**Action item:** Pictures found in the material must be left out, and every line returned as written.

**Entries provided:**
○ ○ ○ ○

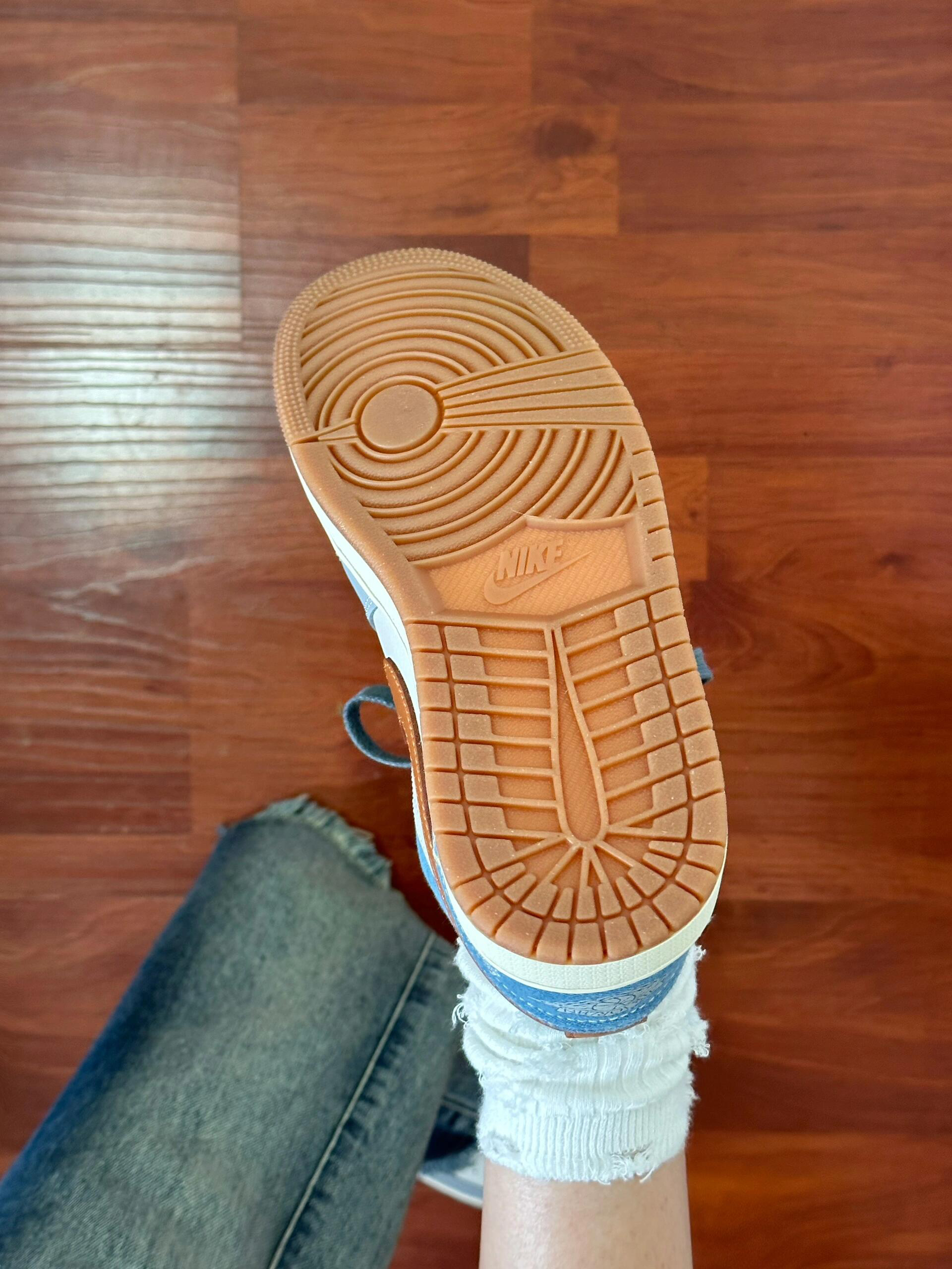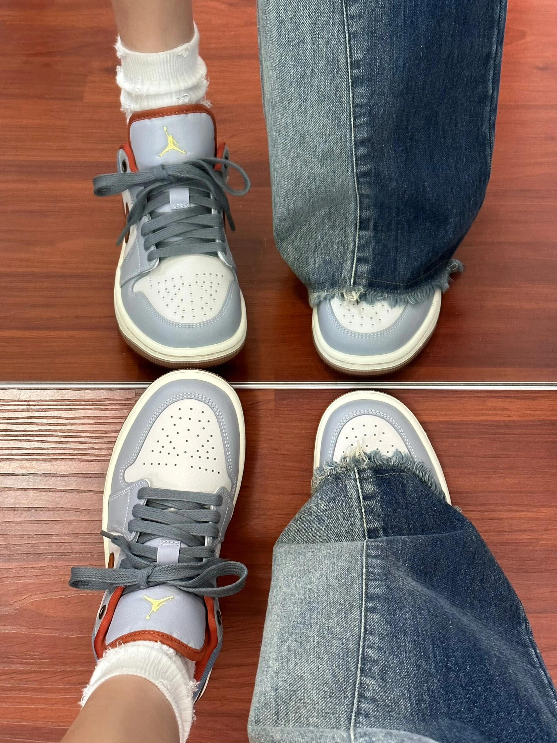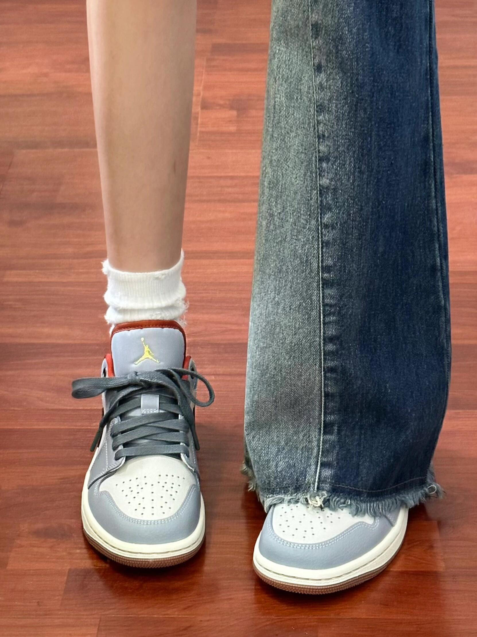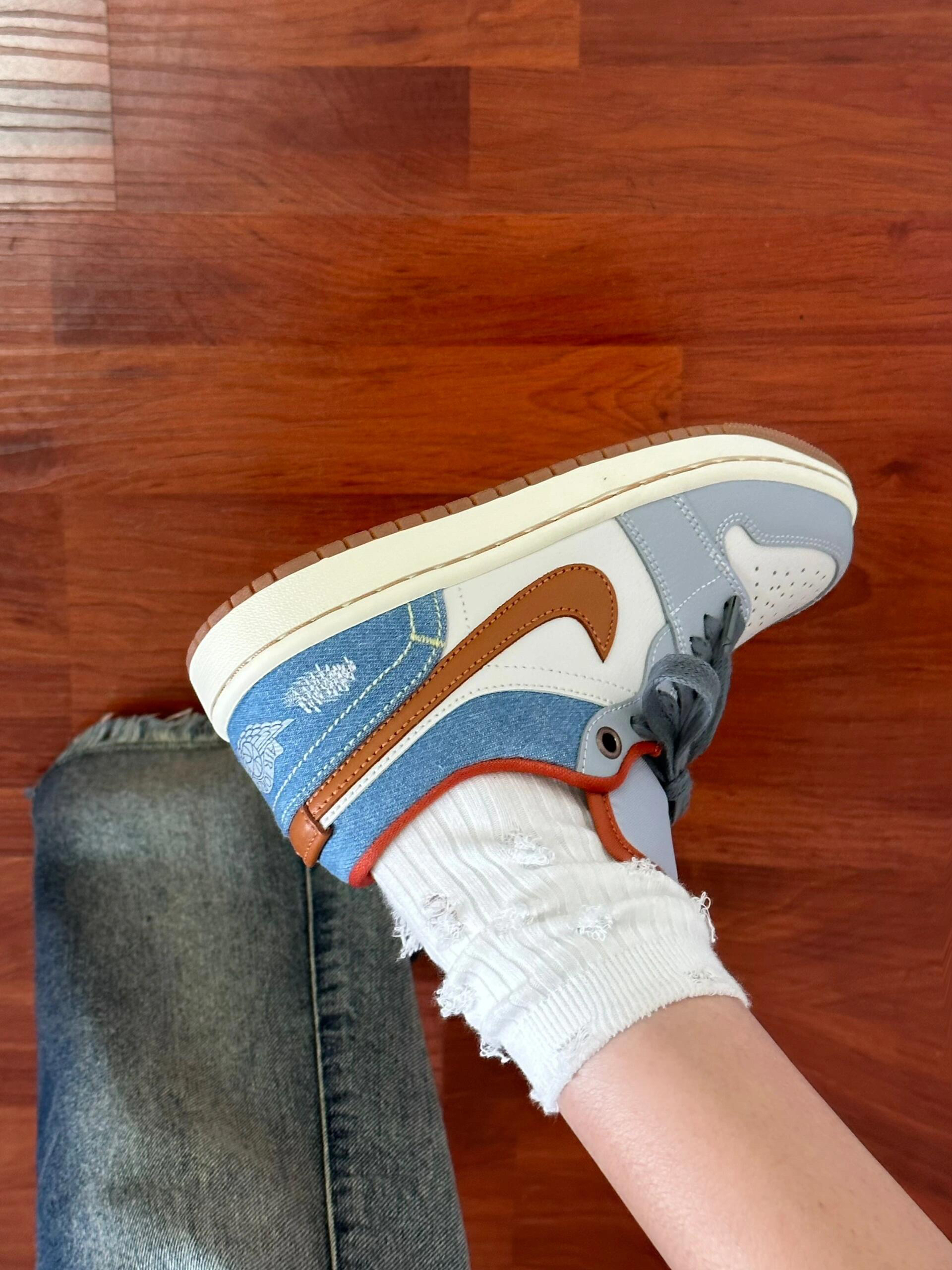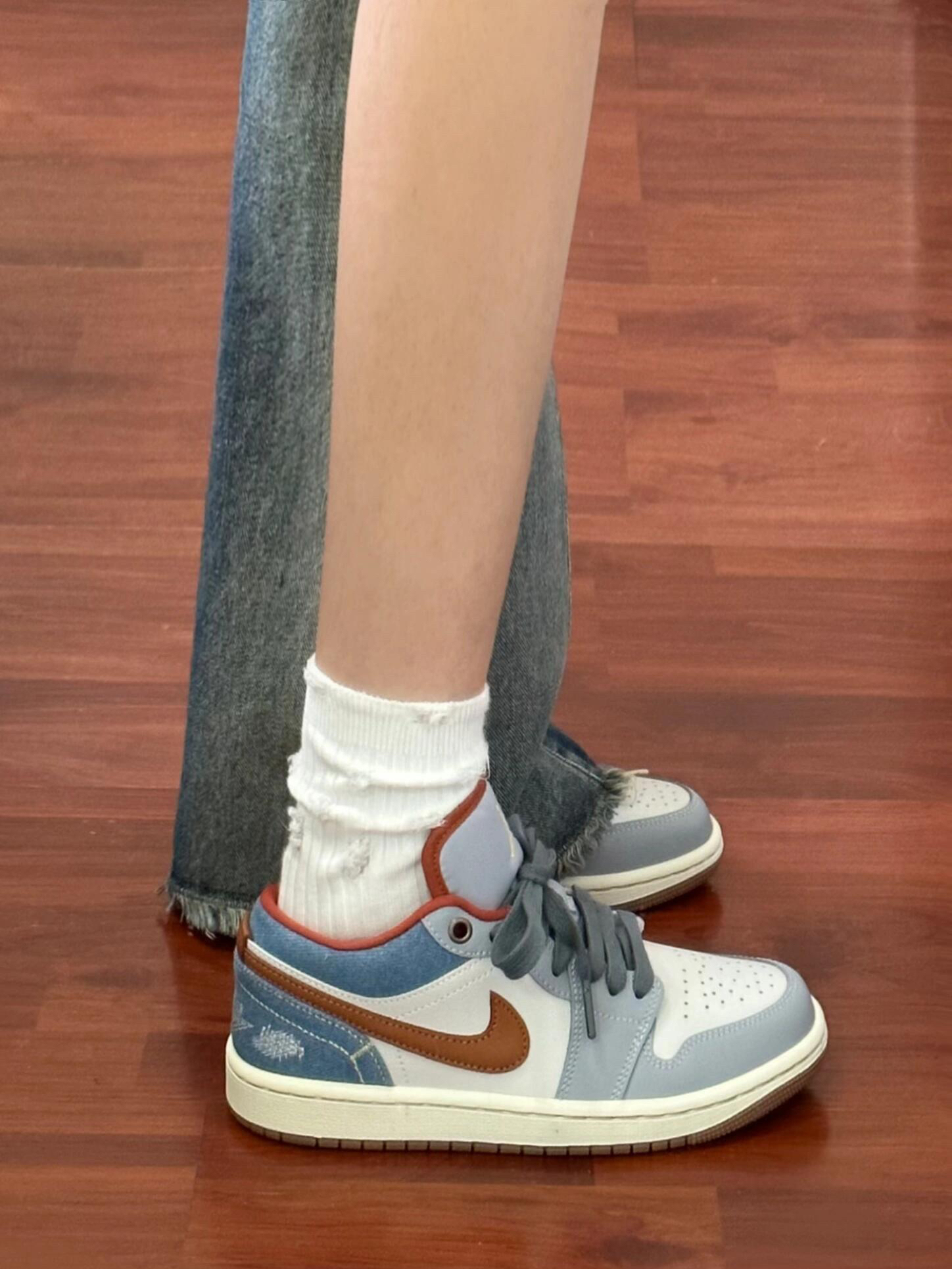 牛仔蓝+灰白配色好适合春夏呀~谁懂! 因为是低帮的鞋型 就会显得腿hin长诶! 悄悄说 鞋底还有做防滑 舒适度也不错! 作为一个AJ女孩 真的无法拒绝 嘿嘿~
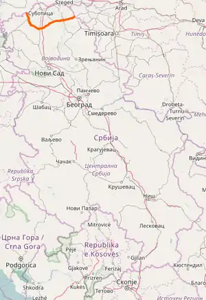 | 10511 | 4.453 km (2.767 mi) | 100.506 km (62.452 mi) | Crna Bara (Mokrin) – Serbia-Romania border (Vrbica) |
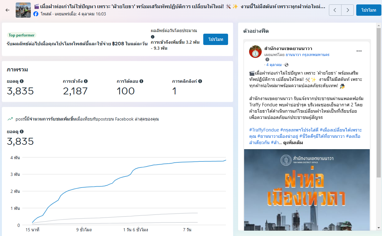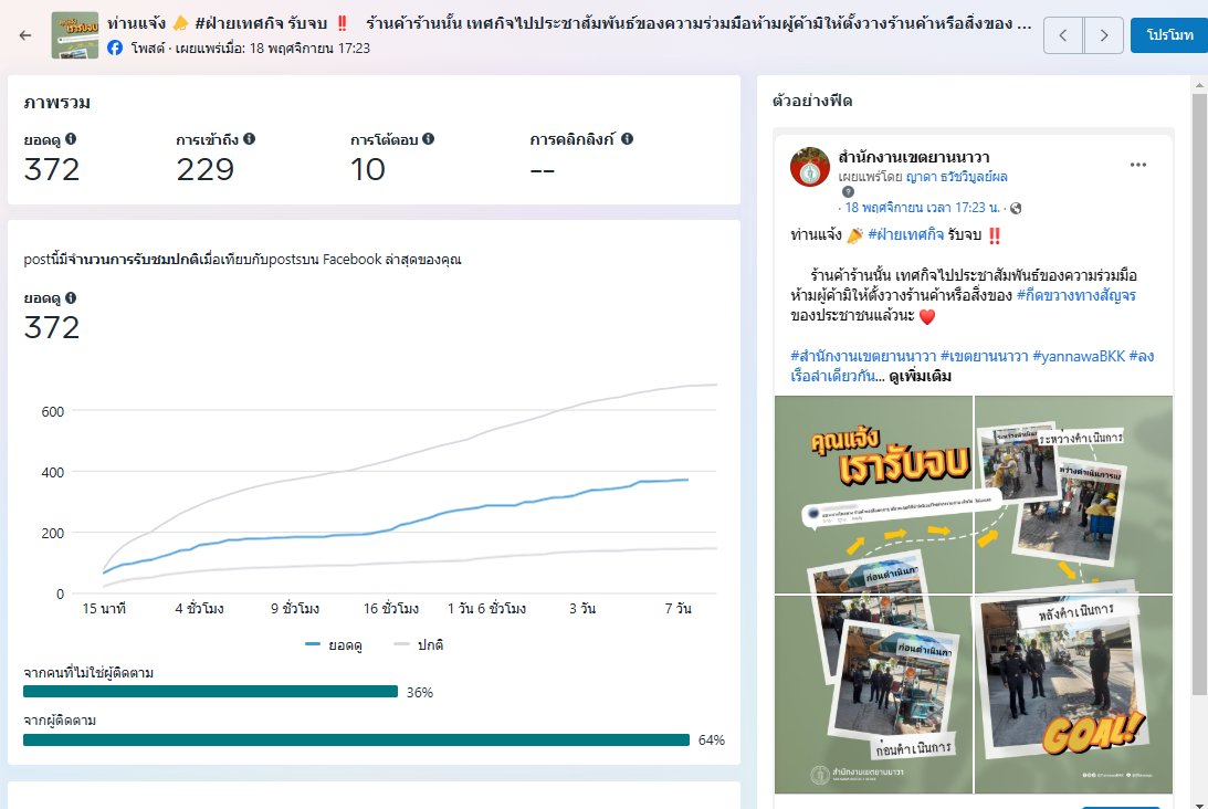 26-11-2024 382.00 จำนวนการมีส่วนร่วมกับสื่อประชาสัมพันธ์ที่เผยแพร่ (Engagement) ผ่านช่องทาง Facebook สำนักงานเขตยานนาวา เมื่อวันที่ 18 พฤศจิกายน 2567 = 382
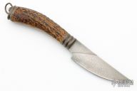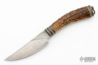 This hunter by Raymond Richard features a hand forged blade with hamon, .170" blade thickness and 1.118" blade depth, hidden tang construction. The handle has a fluted and textured steel guard and butt with lanyard ring, stag grip. Great look and feel. Excellent condition. Comes with a zippered case.
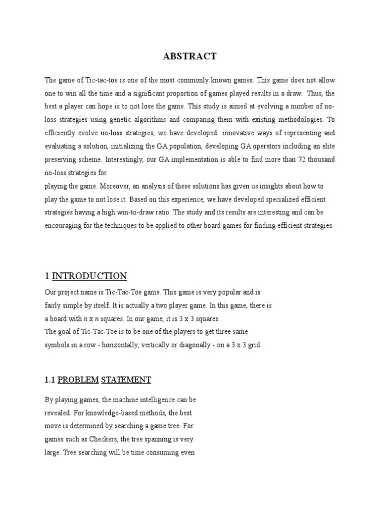 Tic Tac Toe Project Ieee Format Areas Of Computer Science
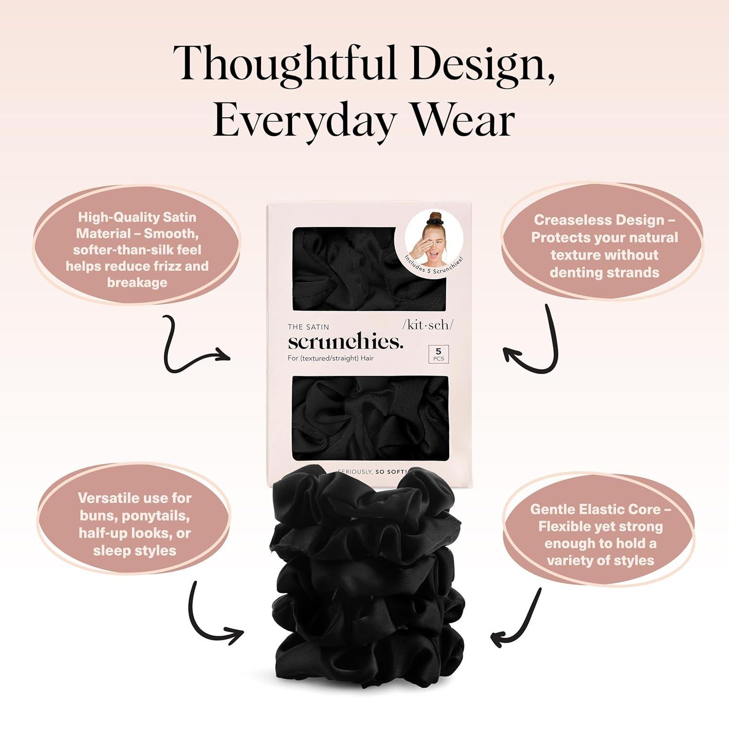 NOT YOUR USUAL SCRUNCHIES – FRIZZ-FREE SATIN SCRUNCHIES FOR WOMEN: Wake up to smoother, frizz-free hair with Kitsch satin scrunchies for women. Designed for gentle overnight wear, these hair ties glide effortlessly to prevent creases and breakage.

○ ○ ○ ○

**Completed exercise:**
 牛仔蓝+灰白配色好适合春夏呀~谁懂! 因为是低帮的鞋型 就会显得腿hin长诶! 悄悄说 鞋底还有做防滑 舒适度也不错! 作为一个AJ女孩 真的无法拒绝 嘿嘿~
 | 10511 | 4.453 km (2.767 mi) | 100.506 km (62.452 mi) | Crna Bara (Mokrin) – Serbia-Romania border (Vrbica) |
 26-11-2024 382.00 จำนวนการมีส่วนร่วมกับสื่อประชาสัมพันธ์ที่เผยแพร่ (Engagement) ผ่านช่องทาง Facebook สำนักงานเขตยานนาวา เมื่อวันที่ 18 พฤศจิกายน 2567 = 382
 This hunter by Raymond Richard features a hand forged blade with hamon, .170" blade thickness and 1.118" blade depth, hidden tang construction. The handle has a fluted and textured steel guard and butt with lanyard ring, stag grip. Great look and feel. Excellent condition. Comes with a zippered case.
 Tic Tac Toe Project Ieee Format Areas Of Computer Science
 NOT YOUR USUAL SCRUNCHIES – FRIZZ-FREE SATIN SCRUNCHIES FOR WOMEN: Wake up to smoother, frizz-free hair with Kitsch satin scrunchies for women. Designed for gentle overnight wear, these hair ties glide effortlessly to prevent creases and breakage.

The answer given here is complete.